# Jesse



## bcnewe2 (Oct 24, 2013)

So the sheep are on lock down.  Jesse would rather be locked in a paddock than away from her sheep.  The darn sheep have found a way out and until I can get it fenced properly they are locked up in the barn paddock.

I can see them when I'm working or at the computer.  

Each morning Jesse is riled up and romping around with her babies (she loves stuffies and carries them around like they are her babies)  she is a wild girl running and playing. She'll run up to the sheep to show them her baby.  She has been trying to engage the ram into playing with her.  Sometimes he does give her a bit of a chase.  As soon as he comes at her she roles over and plays "dead dog"  

So this morning I'm watching to see if I need to get involved and I see her roll over, ram sniff on her then lay down right beside her. 

Sweet picture, But I can't wait till I can get them back out in the fields.  Confinement on a 10 month old LGD is hard!
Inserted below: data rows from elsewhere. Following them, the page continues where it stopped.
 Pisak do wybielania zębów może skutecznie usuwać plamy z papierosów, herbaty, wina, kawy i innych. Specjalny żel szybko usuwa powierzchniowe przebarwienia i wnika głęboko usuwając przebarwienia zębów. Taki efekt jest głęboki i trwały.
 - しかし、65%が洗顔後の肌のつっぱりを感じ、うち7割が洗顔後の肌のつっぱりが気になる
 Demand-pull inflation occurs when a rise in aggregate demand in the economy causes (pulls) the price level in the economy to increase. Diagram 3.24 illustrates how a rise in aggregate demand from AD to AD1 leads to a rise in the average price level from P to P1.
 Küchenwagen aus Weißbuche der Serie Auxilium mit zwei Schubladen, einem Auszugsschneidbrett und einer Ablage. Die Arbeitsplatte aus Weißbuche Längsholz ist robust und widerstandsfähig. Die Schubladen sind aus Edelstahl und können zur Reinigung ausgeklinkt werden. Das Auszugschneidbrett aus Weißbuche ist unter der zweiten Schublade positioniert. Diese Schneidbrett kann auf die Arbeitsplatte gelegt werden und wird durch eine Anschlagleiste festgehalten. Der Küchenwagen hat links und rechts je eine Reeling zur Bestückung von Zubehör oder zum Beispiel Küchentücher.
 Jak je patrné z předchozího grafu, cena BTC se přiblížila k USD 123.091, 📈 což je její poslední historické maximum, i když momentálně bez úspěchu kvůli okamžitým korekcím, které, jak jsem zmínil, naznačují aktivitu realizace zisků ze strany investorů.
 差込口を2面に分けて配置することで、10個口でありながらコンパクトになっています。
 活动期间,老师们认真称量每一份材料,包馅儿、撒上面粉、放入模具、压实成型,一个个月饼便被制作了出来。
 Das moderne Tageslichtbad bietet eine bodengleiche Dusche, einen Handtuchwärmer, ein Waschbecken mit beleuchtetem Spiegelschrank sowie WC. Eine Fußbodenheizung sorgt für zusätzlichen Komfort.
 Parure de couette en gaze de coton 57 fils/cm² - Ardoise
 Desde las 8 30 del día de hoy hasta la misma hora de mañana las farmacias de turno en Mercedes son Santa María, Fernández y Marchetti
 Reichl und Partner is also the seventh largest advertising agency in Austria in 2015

Sheep are none to happy either!

There is one lamb ram that she has tried to adopt as her baby. She tore up his ears and has made him limp by trying to play with him. He of course is off limits to her.  I don't really know, except to say his momma is really easy going and probably didn't correct Jesse for playing with her lamb, why it's only that ram lamb.  Can't wait till he gets big enough that I don't have to watch and worry about him.  Jesse isn't really being mean, she's loving him "hard". Maybe this confinement is a good thing, I can correct her for being rough and the ram re-enforces my corrections.  

Gotta love these dogs!


----------



## Baymule (Oct 24, 2013)




----------



## Southern by choice (Oct 31, 2013)

completely missed this! 

Ya know we _really_ could use an updated pic of Jesse... just sayin'  

Did you get the fence fixed yet?


----------



## bcnewe2 (Nov 1, 2013)

YEs A picture is due. My plan is to get the camera out this weekend. She's elusive when she's with the sheep! She blends right in!
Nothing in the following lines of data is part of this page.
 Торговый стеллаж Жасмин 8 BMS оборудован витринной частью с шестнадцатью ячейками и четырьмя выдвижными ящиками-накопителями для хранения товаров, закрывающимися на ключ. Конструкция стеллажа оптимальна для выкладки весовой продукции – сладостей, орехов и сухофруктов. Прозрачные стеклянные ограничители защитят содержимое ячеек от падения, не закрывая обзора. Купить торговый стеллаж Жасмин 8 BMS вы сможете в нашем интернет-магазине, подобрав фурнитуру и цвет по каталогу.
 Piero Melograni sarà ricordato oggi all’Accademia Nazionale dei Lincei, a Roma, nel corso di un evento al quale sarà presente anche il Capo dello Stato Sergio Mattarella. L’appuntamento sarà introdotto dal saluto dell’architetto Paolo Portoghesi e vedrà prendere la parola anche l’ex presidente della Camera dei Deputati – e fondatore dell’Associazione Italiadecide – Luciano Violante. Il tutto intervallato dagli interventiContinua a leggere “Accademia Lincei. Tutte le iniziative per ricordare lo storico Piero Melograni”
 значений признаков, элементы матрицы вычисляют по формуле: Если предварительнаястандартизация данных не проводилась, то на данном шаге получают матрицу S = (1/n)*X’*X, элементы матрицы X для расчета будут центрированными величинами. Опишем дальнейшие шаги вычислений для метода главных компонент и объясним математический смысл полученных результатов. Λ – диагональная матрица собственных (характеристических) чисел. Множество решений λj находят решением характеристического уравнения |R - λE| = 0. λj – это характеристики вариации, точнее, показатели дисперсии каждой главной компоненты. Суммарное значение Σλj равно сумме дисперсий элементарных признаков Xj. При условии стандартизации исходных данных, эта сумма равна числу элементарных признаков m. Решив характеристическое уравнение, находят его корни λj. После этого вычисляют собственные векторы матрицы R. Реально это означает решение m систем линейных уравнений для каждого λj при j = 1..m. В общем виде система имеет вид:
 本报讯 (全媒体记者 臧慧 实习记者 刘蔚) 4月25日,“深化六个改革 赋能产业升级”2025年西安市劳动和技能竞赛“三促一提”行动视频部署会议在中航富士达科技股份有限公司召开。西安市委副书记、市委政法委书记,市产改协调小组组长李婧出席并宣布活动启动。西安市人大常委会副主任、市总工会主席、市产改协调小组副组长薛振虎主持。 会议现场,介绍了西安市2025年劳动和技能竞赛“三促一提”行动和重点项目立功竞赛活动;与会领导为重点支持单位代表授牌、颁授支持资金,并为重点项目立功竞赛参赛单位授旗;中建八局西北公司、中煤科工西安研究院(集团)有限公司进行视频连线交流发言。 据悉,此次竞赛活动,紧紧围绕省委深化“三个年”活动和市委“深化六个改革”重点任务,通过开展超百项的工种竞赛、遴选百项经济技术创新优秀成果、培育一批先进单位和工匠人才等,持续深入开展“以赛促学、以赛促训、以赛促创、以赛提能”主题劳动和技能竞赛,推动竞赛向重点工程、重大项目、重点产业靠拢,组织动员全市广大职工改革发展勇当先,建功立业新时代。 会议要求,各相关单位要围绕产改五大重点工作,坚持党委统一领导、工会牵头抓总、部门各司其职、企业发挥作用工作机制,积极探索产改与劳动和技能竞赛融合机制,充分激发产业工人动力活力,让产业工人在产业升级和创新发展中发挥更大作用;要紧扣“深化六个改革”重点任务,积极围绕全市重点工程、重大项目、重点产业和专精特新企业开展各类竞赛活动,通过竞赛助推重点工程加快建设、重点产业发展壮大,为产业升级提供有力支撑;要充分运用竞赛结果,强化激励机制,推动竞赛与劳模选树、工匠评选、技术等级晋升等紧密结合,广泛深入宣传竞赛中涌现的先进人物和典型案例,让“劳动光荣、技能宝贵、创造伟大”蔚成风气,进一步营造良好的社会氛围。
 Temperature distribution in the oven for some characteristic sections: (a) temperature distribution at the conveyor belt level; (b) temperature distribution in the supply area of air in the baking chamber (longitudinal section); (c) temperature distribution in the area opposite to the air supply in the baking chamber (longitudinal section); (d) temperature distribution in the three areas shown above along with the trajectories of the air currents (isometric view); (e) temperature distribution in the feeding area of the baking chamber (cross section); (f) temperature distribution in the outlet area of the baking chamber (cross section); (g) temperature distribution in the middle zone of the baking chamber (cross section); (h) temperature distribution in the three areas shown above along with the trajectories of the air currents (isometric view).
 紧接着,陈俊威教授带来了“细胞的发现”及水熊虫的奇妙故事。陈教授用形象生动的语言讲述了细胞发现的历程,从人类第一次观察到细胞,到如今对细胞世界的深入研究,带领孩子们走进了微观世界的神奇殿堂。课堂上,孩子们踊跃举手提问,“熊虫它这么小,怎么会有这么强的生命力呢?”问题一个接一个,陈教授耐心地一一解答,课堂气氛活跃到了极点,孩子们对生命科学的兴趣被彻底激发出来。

Fence is fixed and I'll all a twitter....my Dad, who just got a clean bill of health after chemo has come back to the land of living and came last weekend to help put up more fence. My poor DH fell down some steps and hurt his shoulder so we needed help.  We're finishing off the rest of the fencing this Saturday. The whole place will be sheep tight right in time for me to go on a 2 week business trip!  Jesse has a way out but that's ok she can guard her chickens too.  
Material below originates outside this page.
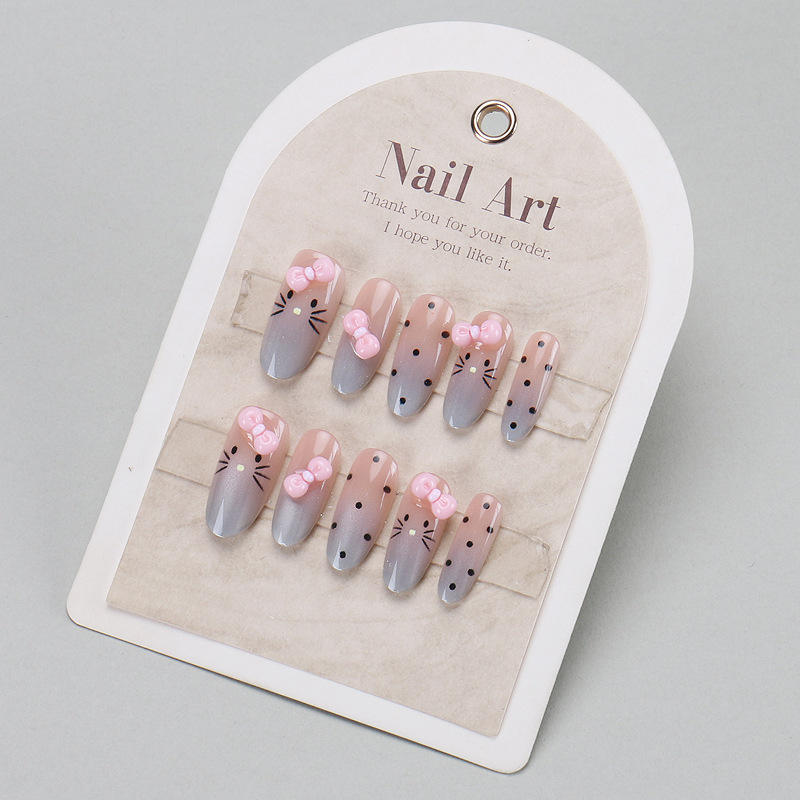 Cartoon Wearable Tips High-End Cat Eye Gradient Nail Stickers Removable Xiaohongshu Hot-Selling Cute Girl Fake Nails
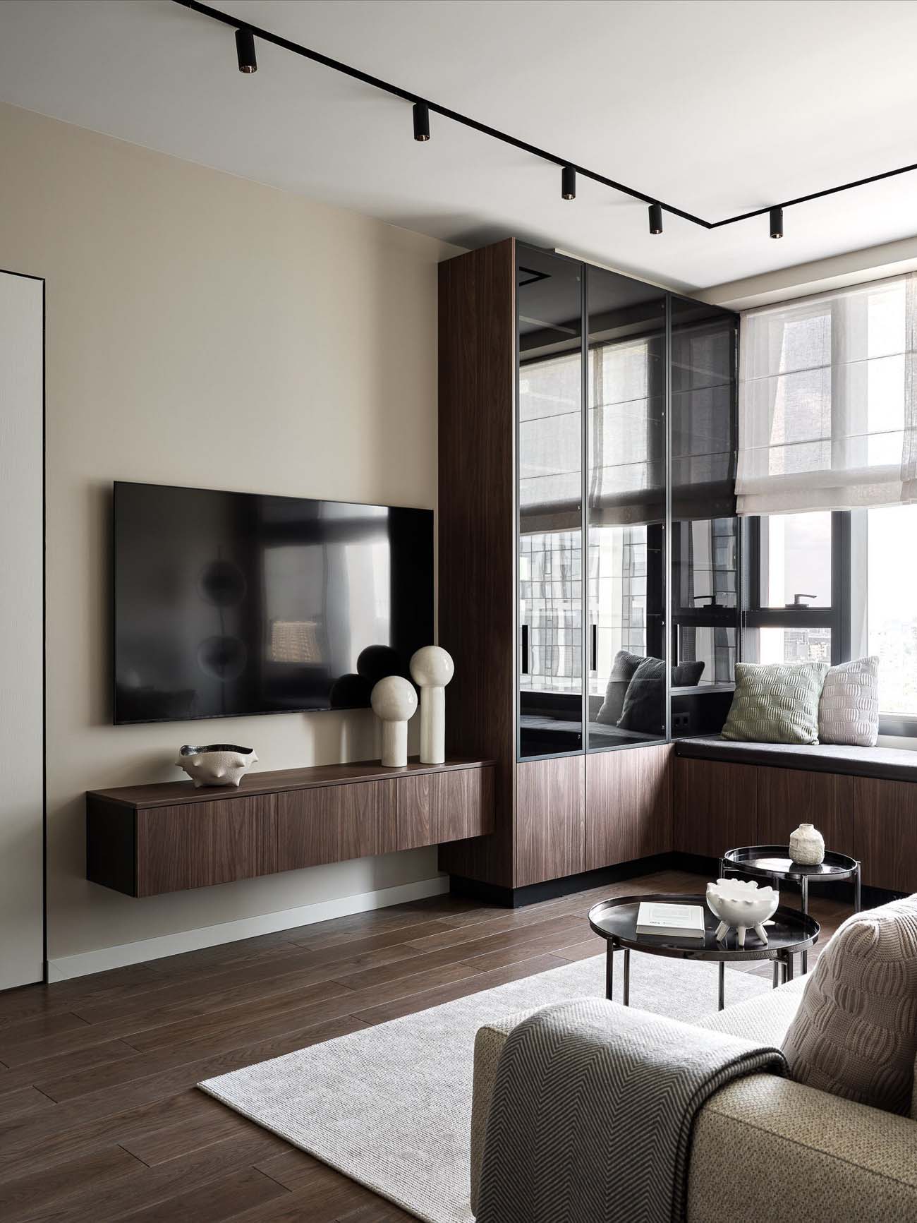 Nagy figyelmet fordítottak a letisztult és nagy tárolókapacitású bútorokra – a tárolórendszerek egyedi megrendelésre készültek. A nappaliban az ablak alatti padot és a szekrényeket egy azonos kivitelű TV-szekrénnyel kötötték össze, ami harmonikus és rendkívül stílusos összhatást eredményezett.

Jesse is as big as a sheep now, only way you can see her in the field and know it's a dog is her tail will wave in the wind.  She's still a little more playful than I'd like but she knows she's not supposed to so it's only when her play gets the best of her.  I really think the ram was helpful in training her.  Lucky I have a nice ram.

Everyday I stand in amazement watching her do her thing.  I can't say enough about her lines, her breeder and herself.  Having had 4 other LGD's she is by farrrr the best one yet! And the others weren't slouches either. She's just more natural and the fact she doesn't wander at all just amazes me! 

If anyone is looking I can dig up the email that was my contact with her breeder.  I now know of 2 other sheep friends that have gotten dogs from the same man.  And they have huge flocks and live way more rural.  I hope they got one of the same beautiful dogs I did! 

With my fencing tight I now feel ok to get another LGD, problem is we don't have the predator problem here as we've had elsewhere so there isn't much for the dogs to do.  Although Jesse she doesn't seem bored to me!


----------



## Southern by choice (Nov 5, 2013)

Ok... weekend is over where are the pics????  

Glad your fencing is fixed! I do love the fact that the Anatolians are so laid back and will just hang out with you anywhere on the property! None of ours try to escape, dig, or run off BUT if they ( The PYRS) are taken from the fields they MUST have a lead on them. Callie- nope... she will just follow you around and lay down while you are working. I LOVE IT!


----------